During the Neolithic era (10,000 BC to 4500 BC), burying people beneath houses in the Near East was a common practice. We encounter intramural burials at other Neolithic sites such as Nevalı Çori, Aşıklı Höyük, and Jericho.
But the scale of burials seen at Çatalhöyük is unparalleled, with some houses containing sixty graves. We can envision it as a prehistoric town on top of a cemetery.
Excavations at Çatalhöyük show 18 layers of continuous habitation from 7100 BC to 5950 BC. Each level reveals that the people preserved their ancestors’ traditions.
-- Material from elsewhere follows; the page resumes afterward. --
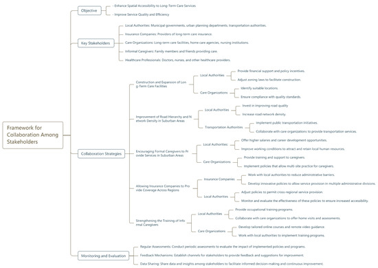 This study pioneers a comprehensive spatial accessibility analysis of long-term services and supports (LTSSs) in Chengdu, a rapidly aging megacity and a pioneer in China’s urban–rural integration policies. By integrating an enhanced two-step floating catchment area (2SFCA) method with demand intensity coefficients and a spatial mismatch index (SMI), this research addresses critical gaps in understanding how geographic and socioeconomic factors shape LTSS accessibility in a developing western Chinese metropolis. The findings not only validate the pronounced urban–suburban disparities in LTSS provision but also provide novel insights into the mechanisms driving these inequities. Below, we discuss the implications of our results in light of the study’s methodological innovations, theoretical contributions, and policy relevance, while emphasizing the proposed collaborative framework to bridge spatial accessibility gaps.
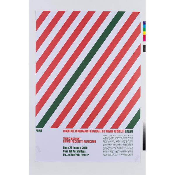 Lettura iconografica: righe. Categoria merceologica/tipo evento: associazioni professionali; congressi. Nomi: Primo Congresso Nazionale dei Giovani Architetti Italiani; Young Discount Giovani Architetti rilanciano; AGAF; Associazione Giovani Architetti di Ferrara; AGAV; Associazione Giovani Architetti Provincia Verona; AGAVE; Associazione Giovani Architetti Provincia Venezia; Consulta Giovanile Architetti Roma; GAC; Giovani Architetti del Canavese; GAT; Giovani Architetti Torino; Associazione Giovani Architetti Provincia Trieste; Giovani Architetti Provincia Cagliari; Gruppo Giovani Architetti Provincia Brescia; Gruppo Giovani Architetti Genova; Pensieri di Architettura; La Città Complessa Associazione Culturale; Morfosis Centro Ricerche di Architettura; GGAF; Gruppo Giovani Architetti Firenze; UMBILICUS Laboratorio di Arti Contemporanee; VAGA; Associazione Giovani Architetti Provincia Vicenza. Luoghi: Roma; Ferrara; Verona; Venezia; Torino; Trieste; Cagliari; Brescia; Genova; Pordenone; Catania; Firenze; Enna; Vicenza

Three decades of extensive excavations have helped us understand how people perceived death 9,000 years ago. Instead of discussing the artifacts found at Çatalhöyük, this story will focus on burial customs. We will learn about the different types of burials, funerary practices, and the bond between the living and the dead.
But, before we examine the burials, let’s take a quick tour of this densely packed Neolithic settlement, humanity’s first foray into urban life.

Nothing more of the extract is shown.